Monday, Jul. 25, 1977

Notes on a Land of Mirages

After preliminary visits to Eritrean Liberation Front offices in Damascus and Khartoum, TIME Correspondent Dean Brelis set off on a 600-mile journey through Eritrean-held territory, the most extensive visit yet made by a Western journalist. Some of his recollections:

From Khartoum, Photographer David Burnett and I booked ourselves aboard a red and yellow bus that makes the daylong journey to Kassala, a Sudanese town that lies near the Eritrean border. For twelve hours, the bus hurtled through the open desert, crashing across giant potholes; the thermometer was constant--between 115DEG and 120DEG F.

Once inside Eritrea, we traveled cross-country, mostly by Land Rover, often at night. It was necessary for two people to drive--one at the wheel, the other calling out the terrain ahead or shouting out the depths of a river in the manner of Mark Twain.

Nowhere have I seen so many mirages as I saw in Eritrea. To reach out one's hand for what is clearly a shimmering pool of water nestled among rocks, to see reflections in the water, and then to touch sand and feel insects biting: this happened several times, as if one could never learn the lesson.
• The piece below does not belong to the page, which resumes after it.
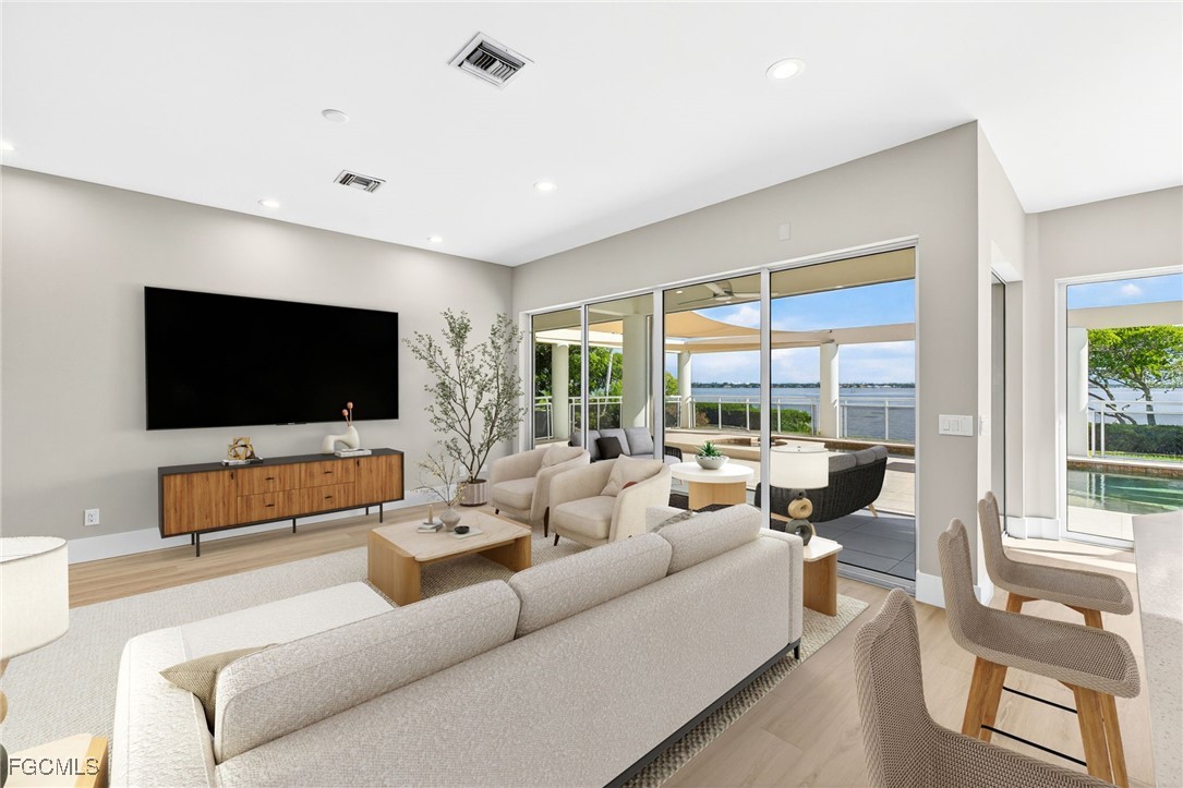 Direct Riverfront Estate in Buttonwood Harbor, a gated luxury enclave along the Caloosahatchee River between Cape Coral and Fort Myers. This rare 0.51-acre parcel sits directly on the River with a groomed sandy white beach in the backyard and a private boat slip in the community-maintained canal—offering a lifestyle where every day feels effortless. The 3,600 sq ft residence features an oversized 3-car garage, 4 Bedrooms, and 4 Full Bathrooms, anchored by a Standing Seam Metal Roof installed by Crowther Roofing in 2023—renowned for superior durability, wind resistance, and strong insurance appeal. Current policies reflect excellent insurability for a waterfront home, with flood coverage at $2,200/year and homeowners at $8,650/year. The entire first floor was extensively remodeled with high-end finishes, including new engineered wood flooring, custom cabinetry, quartz countertops with a full kitchen backsplash, designer bath tile, new shower enclosures, 8’ solid-core interior doors, enhanced closet systems, and comprehensive plumbing and electrical upgrades. Sliding glass doors, drywall, paint, and finish carpentry were all refreshed, giving the main level a clean, refined, turnkey interior. Upstairs, the primary suite—preserved with its original custom finishes—offers endless possibilities for you to personalize and create a sanctuary of your own. Additional enhancements elevate both comfort and peace of mind: Electric roll-down shutters protect the southern exposure, while a whole-home generator with two underground propane tanks ensures uninterrupted power and provides instant heat to the open-air pool and spa. The propane system also fuels the poolside fire pit, creating the perfect setting for evenings by the water. Living in Florida in a direct riverfront home is a dream come true at 12540 Panasoffkee Drive. Located just 10 minutes to Downtown Fort Myers, this boating community offers tennis and pickleball courts—close enough to stay connected, yet secluded enough to unwind and disconnect. Grab a good book and a cold drink; listen to the waves touch your private beach as you read. Host holidays with ease, with plentiful parking and generous gathering spaces. Live your best Florida life—the way it was meant to be lived.

It got to the point where to save precious water, I dry-washed my hands with dirt, only later to find my fingers and palms itching from infinitesimal slivers of thorns hidden in the dirt.

There were flocks of doves and pheasants everywhere. Sometimes Ethiopian warplanes would appear overhead, but we would hide and they wouldn't see us. Once I wondered aloud if there was danger ahead. "Only from snakes," replied Seyoum Geresus, my Eritrean guide, "but it is not their way to attack first." Then we saw a militiaman in a long white gown, with a

World War II carbine on his shoulder. "The Ethiopian planes dropped napalm, and everything burned," he said later, as he showed us a crater that ran through the village. "But now life has returned. Our village survives."

In Tessenei, a town that the Eritreans have recently captured, we had good luck--there was a hotel, kept by an Italian, Archimede Parmigiani, 68, who has lived 42 years in Eritrea. There were no other guests. The kitchen had shell holes in the roof, the dusty flasks of Chianti were empty. His family has gone back to Bologna, but Parmigiani stays on. He asks: "What would I do in Bologna after so many years here?"

At a prisoner-of-war camp, I saw my guide give three packs of cigarettes to a prisoner. Why? "He was my guard when they had me in jail," Seyoum said. "When he saw me just now, he tried to hide, he thought I would kill him." I said to Seyoum, "You have come full circle now that they're your prisoners." "Almost," he said. "First we have to set them free. Then it will be full circle."